Prompt:
In the material below, begin at the line that has "Ne trouvant pas", stop after the line that has "1.1 This specification", and transcribe those lines exactly, without pictures.
[Data provided — start]
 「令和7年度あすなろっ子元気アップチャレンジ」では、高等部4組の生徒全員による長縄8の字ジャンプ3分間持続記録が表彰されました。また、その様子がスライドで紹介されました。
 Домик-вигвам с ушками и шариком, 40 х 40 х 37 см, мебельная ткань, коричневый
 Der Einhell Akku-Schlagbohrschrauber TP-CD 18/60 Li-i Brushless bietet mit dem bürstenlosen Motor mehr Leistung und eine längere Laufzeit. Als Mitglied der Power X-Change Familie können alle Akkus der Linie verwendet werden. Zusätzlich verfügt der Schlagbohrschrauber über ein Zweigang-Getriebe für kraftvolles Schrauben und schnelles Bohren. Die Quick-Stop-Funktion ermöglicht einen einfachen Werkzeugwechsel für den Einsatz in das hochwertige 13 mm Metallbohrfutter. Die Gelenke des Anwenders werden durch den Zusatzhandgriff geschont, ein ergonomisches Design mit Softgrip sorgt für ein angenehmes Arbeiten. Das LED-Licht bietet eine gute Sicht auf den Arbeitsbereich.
[Data provided — finish]
[Data provided — start]
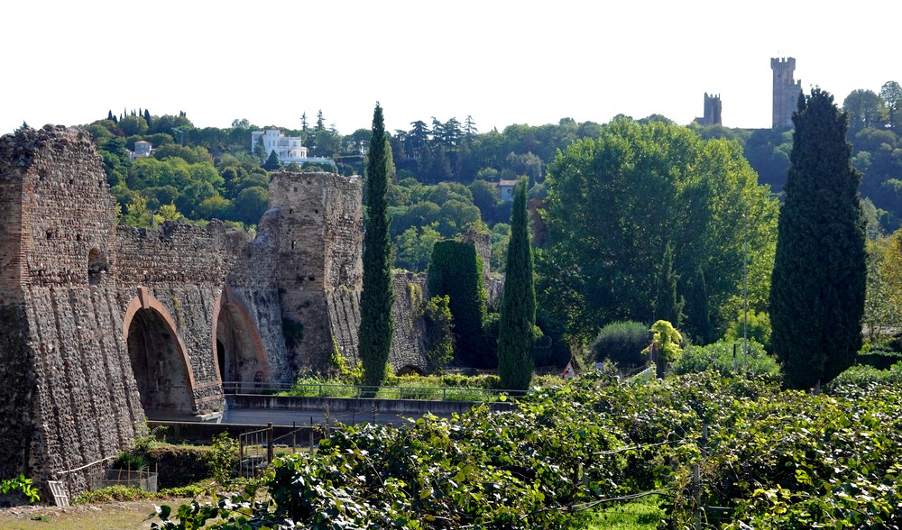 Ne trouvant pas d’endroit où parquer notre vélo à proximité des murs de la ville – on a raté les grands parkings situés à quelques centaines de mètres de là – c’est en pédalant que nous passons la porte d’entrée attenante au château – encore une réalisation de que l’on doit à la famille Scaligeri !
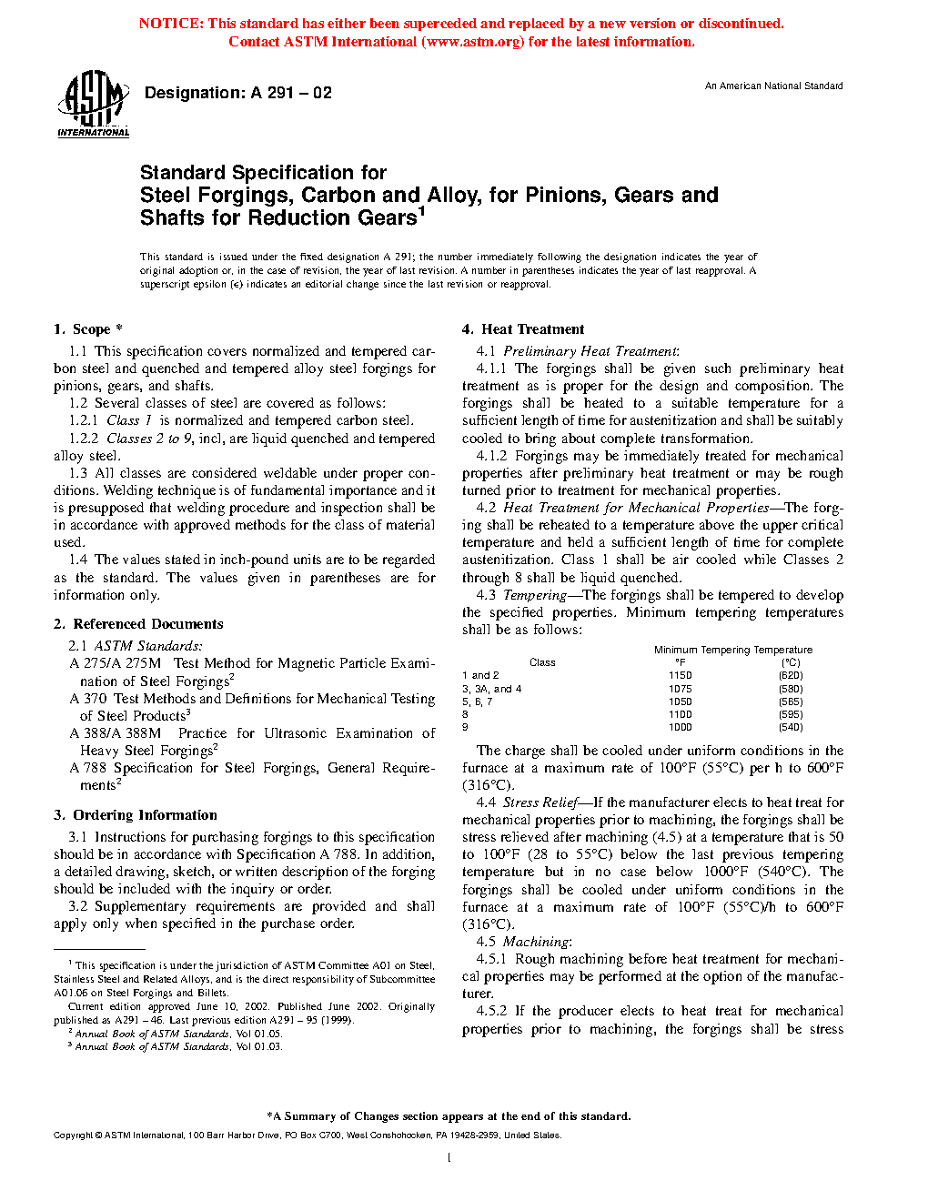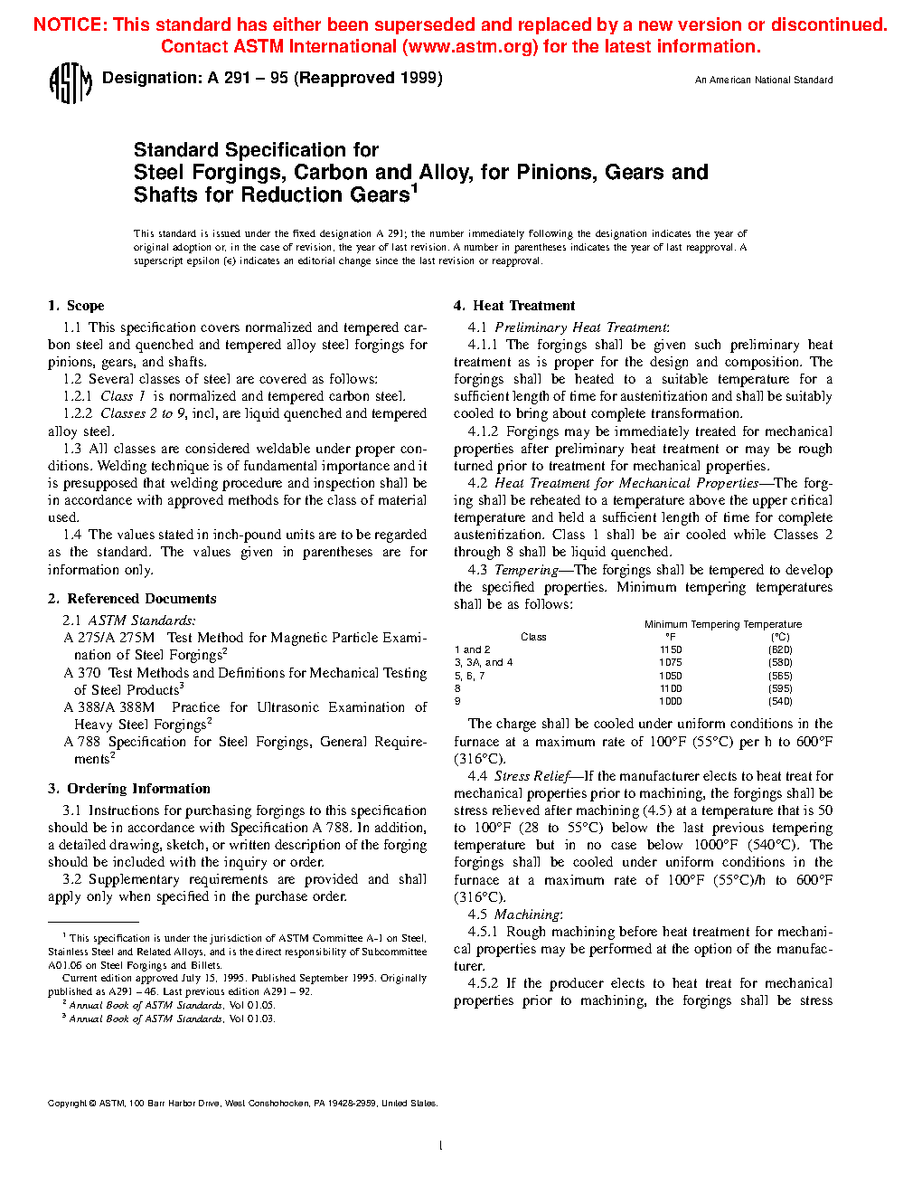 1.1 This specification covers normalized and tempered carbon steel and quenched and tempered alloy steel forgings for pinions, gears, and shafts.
[Data provided — finish]
Solution for this task:
 Ne trouvant pas d’endroit où parquer notre vélo à proximité des murs de la ville – on a raté les grands parkings situés à quelques centaines de mètres de là – c’est en pédalant que nous passons la porte d’entrée attenante au château – encore une réalisation de que l’on doit à la famille Scaligeri !
 1.1 This specification covers normalized and tempered carbon steel and quenched and tempered alloy steel forgings for pinions, gears, and shafts.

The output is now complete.